Alternatives to a student loan refinance
You don’t have to refinance your student loans to get out of debt faster. Some other choices are:
If you work in public service, you may be eligible for Public Service Loan Forgiveness after ten years of payments that meet certain requirements.
With a Direct Consolidation Loan, you can keep your federal loans with the federal loan lenders you already have and make only one payment each month.
Some companies offer to pay some of their employees’ student loans. If yours doesn’t, and you want to switch, look for this benefit when you look at the list of benefits.
By refinancing, you may be able to save money over the life of your loan or even shorten the time you must pay it back. This is done via private lenders, so if you need or want some of the benefits of FHA, you will need to weigh the pros and cons. In the end, a refinance can make it easier to repay your loan. And depending on your credit score, it could even lower your monthly payments. Before getting a refinanced loan, you should look around for the best rate and terms.
How long does it take to refinance a student loan?
Your request to refinance could be approved in a few days or a few weeks after you fill out a loan application and send in the necessary paperwork.
Can you refinance federal student loans?
Federal student loans can be refinanced, but only through a private lender. This means you’ll forego federal safeguards such as deferment and forbearance as well as access to advantages such as income-driven repayment plans.
Who is eligible for student loan refinancing?

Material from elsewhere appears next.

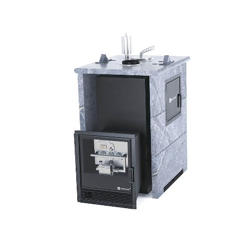 Банная печь ИзиСтим Анапа М2 в трехстороннем кожухе Талькохлорит с газовой горелкой (САБК-40)
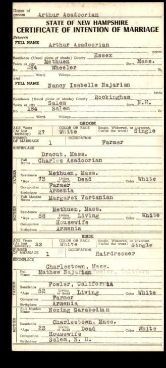 The final record we found in our search for Nazenig is a 1940 certificate of marriage intention for her middle daughter Nancy Najarian. The certificate lists Nancy's birthplace as Charlestown, Massachusetts and her parents as Nazenig Garabedian Najarian and Matthew Najarian. At the time of Nancy's marriage intention, her father Matthew is listed as living in Fowler, California and his occupation is "farmer." Her mother Nazenig is listed as deceased at age 23, confirming that the 1921 gravestone in Lawrence is, indeed, Nazenig's. Interestingly, Nancy also lists her father's place of birth as Armenia. Her groom, Arthur Asadoorian, also lists both his parents as being born in Armenia.

In general, to refinance a student loan, you’ll need a credit score of around 650, a debt-to-income ratio of less than 43%, and a steady source of income. However, each lender has different requirements.
Getting pre-qualified is a great way to find out if you can refinance your student loans. Pre-qualification doesn’t guarantee that you’ll be approved, but it can help you see if you meet the minimum requirements set by lenders.
Can you put student loans in someone else’s name?
Some lenders permit you to transfer student loans to another person. Some parents do this with the education debts they took out for their children, moving those loans to the youngster once they enter employment. However, keep in mind that the loan will have new conditions and charges based on the new borrower’s credit.
Can you refinance student loans with bad credit?
Several lenders refinance student loans for borrowers with poor credit; nevertheless, if a lender accepts a lower credit score, they will almost definitely charge higher interest rates. As with new student loans, it is common to be able to apply for refinancing with a creditworthy co-signer, who could assist those with bad credit qualify.
Does refinancing student loans hurt your credit score?
When you apply for a refinance, the accompanying hard inquiry can lower your credit score by a few points. Nonetheless, this effect is transitory and unlikely to cause major harm.
If you are accepted, establishing a new loan account and terminating the old accounts can temporarily affect the length of your credit history, a consideration in your credit score. However, the effect is typically mild and transitory. Refinancing could enhance your credit score over time if it helps you make payments on time and in full more often.
How much money do I need to make to refinance my student loans?
You must meet their minimum income requirements if you wish to refinance your student loans with certain lenders. Depending on the lender, the minimum income requirement is often $24,000 or higher (this also depends on whether you have a qualifying co-signer or not).
Can you refinance student loans at any time?
Refinancing federal student loans is doable, but only through a private lender. This means you will lose access to federal safeguards such as delay, forbearance, and perks such as income-based repayment arrangements.